Prayer of Brokenness/Confession
Ancient One, we confess to You that our vision is short-sighted. We see what is in front of us. We perceive only in short segments of time. We become busy with to-do lists and tasks. We worry and fret over the news that is in front of us one week, and forgotten the next. Forgive us for our short-sightedness. Ancient of Days, call us into the long view. Call us into dwelling in Your reign, which is eternal, and far beyond our imagination or understanding. Help us to know You are present with us now and always. In the name of Christ, who came to be with us, who is with us now, and who is coming again, we pray. Amen.

God is always present with us now, in this moment. Breathe deeply, and breathe in the Spirit of God. Open your hearts, and receive God’s love in Jesus Christ. Awaken your understanding, and know that God is beyond time, God is beyond this world, and God’s reign is forever.
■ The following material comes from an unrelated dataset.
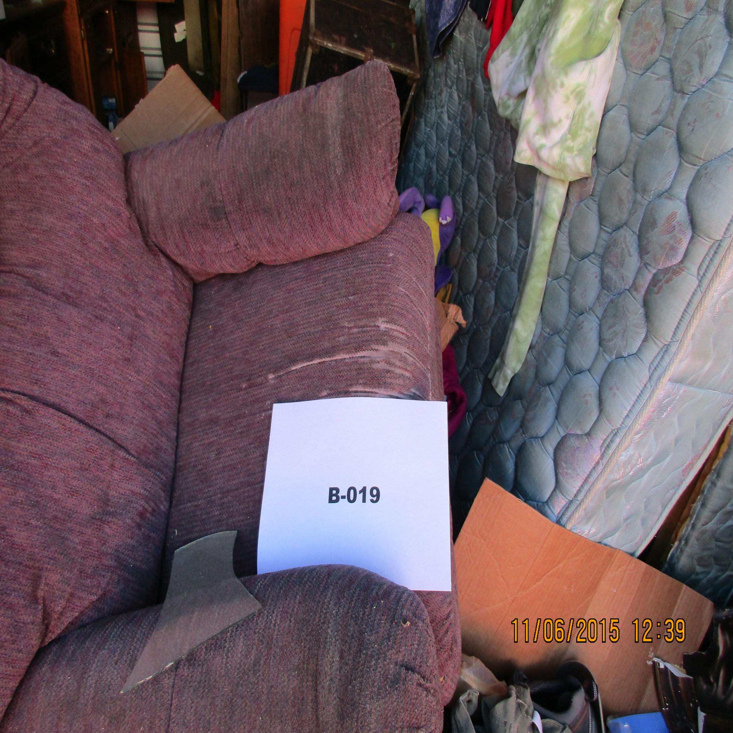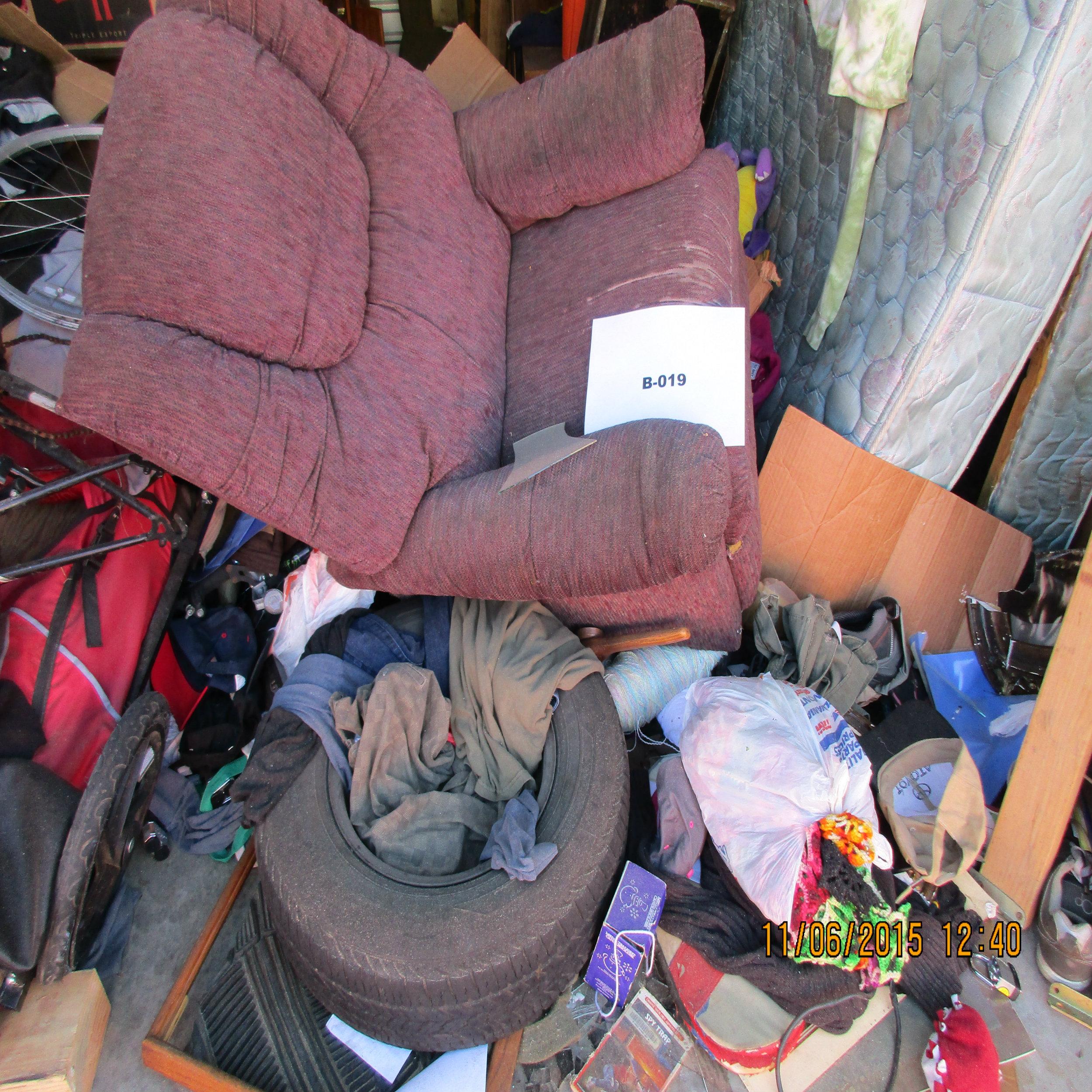 Bed frame, Bike parts, Boxes, Chair, DVDs, Mattress, Plastic containers, Sofa, Hutch, Tire, Camera, Dressers and Box spring

You belong to God, and God is with you, now and always. Amen.

Eternal God, we hold the paradox that You are doing something new, and something ancient, now. You are with us, and are still coming. You came before and will come again. Your reign is now, and Your kingdom is coming. We cannot wrap our minds fully around the concept of eternity, but we know this: Your love is with us now, and was with us before we came to be, and will be with us in a new way. May we begin to understand all things by trusting in this truth: You love us, always. Amen.